▶ **THE TASK**
Take the material below and reproduce, word for word, only the lines from the line with "In the latest" through the line with "HONDA VEZEL - лот 3053".

▶ **AVAILABLE DATA**
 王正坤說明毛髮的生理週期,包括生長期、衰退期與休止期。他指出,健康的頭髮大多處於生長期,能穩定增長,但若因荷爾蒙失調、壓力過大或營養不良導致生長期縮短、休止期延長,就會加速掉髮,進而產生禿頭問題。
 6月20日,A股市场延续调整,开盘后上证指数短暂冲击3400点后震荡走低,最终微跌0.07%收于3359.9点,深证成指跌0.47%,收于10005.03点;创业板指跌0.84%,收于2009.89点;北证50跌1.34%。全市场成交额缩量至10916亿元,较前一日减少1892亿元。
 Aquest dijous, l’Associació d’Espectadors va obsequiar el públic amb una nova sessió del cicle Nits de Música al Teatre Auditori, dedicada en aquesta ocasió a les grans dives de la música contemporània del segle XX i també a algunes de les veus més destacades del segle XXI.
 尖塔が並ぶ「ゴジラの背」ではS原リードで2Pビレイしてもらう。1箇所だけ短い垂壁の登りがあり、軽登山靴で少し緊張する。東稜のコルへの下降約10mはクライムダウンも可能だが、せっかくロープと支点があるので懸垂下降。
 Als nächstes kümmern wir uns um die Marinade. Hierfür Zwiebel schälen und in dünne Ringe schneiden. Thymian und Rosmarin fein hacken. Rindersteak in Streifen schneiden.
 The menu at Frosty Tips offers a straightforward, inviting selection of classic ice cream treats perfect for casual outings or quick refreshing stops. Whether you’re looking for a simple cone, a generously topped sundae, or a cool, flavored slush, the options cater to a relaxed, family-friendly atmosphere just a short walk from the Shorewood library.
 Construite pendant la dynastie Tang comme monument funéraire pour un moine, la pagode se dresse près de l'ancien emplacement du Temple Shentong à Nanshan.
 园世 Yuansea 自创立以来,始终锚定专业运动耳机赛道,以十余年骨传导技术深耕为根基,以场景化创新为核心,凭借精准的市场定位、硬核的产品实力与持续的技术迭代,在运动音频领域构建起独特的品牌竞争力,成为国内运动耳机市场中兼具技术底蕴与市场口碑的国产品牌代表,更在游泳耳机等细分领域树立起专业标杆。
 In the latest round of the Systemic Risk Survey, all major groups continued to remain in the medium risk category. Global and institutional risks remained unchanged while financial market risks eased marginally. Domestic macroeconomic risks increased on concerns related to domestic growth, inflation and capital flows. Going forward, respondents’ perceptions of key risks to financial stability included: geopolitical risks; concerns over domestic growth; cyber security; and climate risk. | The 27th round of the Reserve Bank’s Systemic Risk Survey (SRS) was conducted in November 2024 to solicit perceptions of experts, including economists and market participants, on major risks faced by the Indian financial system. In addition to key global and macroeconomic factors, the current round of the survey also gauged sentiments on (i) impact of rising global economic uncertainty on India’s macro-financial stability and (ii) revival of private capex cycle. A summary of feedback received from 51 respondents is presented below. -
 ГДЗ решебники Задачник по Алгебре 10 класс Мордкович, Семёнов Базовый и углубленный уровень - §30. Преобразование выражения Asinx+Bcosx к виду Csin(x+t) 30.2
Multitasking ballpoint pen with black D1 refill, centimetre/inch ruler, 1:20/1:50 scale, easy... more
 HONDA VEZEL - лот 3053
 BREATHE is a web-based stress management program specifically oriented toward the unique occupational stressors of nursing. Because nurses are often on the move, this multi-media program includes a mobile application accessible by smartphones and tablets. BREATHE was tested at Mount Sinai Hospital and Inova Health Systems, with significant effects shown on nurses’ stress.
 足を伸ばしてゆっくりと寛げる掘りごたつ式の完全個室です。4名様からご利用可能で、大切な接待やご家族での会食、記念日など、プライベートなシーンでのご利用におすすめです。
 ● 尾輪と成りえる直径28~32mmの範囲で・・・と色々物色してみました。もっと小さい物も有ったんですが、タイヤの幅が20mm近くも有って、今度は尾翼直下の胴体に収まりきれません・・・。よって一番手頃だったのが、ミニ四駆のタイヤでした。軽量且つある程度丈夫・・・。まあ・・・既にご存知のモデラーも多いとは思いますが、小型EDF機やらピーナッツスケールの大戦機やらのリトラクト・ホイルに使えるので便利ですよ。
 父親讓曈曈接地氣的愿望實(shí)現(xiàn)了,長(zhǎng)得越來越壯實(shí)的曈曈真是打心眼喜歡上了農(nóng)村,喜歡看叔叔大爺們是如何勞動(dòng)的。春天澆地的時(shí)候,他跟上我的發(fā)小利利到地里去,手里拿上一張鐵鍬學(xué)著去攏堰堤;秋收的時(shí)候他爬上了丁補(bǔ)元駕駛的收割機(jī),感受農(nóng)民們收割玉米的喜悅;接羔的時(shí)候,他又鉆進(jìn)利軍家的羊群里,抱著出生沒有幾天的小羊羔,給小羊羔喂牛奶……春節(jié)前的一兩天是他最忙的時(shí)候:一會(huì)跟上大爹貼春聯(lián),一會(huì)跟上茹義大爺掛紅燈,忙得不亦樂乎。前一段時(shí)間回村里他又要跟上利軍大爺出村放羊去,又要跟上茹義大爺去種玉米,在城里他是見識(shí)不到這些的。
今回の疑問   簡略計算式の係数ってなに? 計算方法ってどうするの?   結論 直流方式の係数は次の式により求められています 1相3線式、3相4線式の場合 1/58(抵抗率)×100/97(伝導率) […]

▶ **WRITTEN RESPONSE**
 In the latest round of the Systemic Risk Survey, all major groups continued to remain in the medium risk category. Global and institutional risks remained unchanged while financial market risks eased marginally. Domestic macroeconomic risks increased on concerns related to domestic growth, inflation and capital flows. Going forward, respondents’ perceptions of key risks to financial stability included: geopolitical risks; concerns over domestic growth; cyber security; and climate risk. | The 27th round of the Reserve Bank’s Systemic Risk Survey (SRS) was conducted in November 2024 to solicit perceptions of experts, including economists and market participants, on major risks faced by the Indian financial system. In addition to key global and macroeconomic factors, the current round of the survey also gauged sentiments on (i) impact of rising global economic uncertainty on India’s macro-financial stability and (ii) revival of private capex cycle. A summary of feedback received from 51 respondents is presented below. -
 ГДЗ решебники Задачник по Алгебре 10 класс Мордкович, Семёнов Базовый и углубленный уровень - §30. Преобразование выражения Asinx+Bcosx к виду Csin(x+t) 30.2
Multitasking ballpoint pen with black D1 refill, centimetre/inch ruler, 1:20/1:50 scale, easy... more
 HONDA VEZEL - лот 3053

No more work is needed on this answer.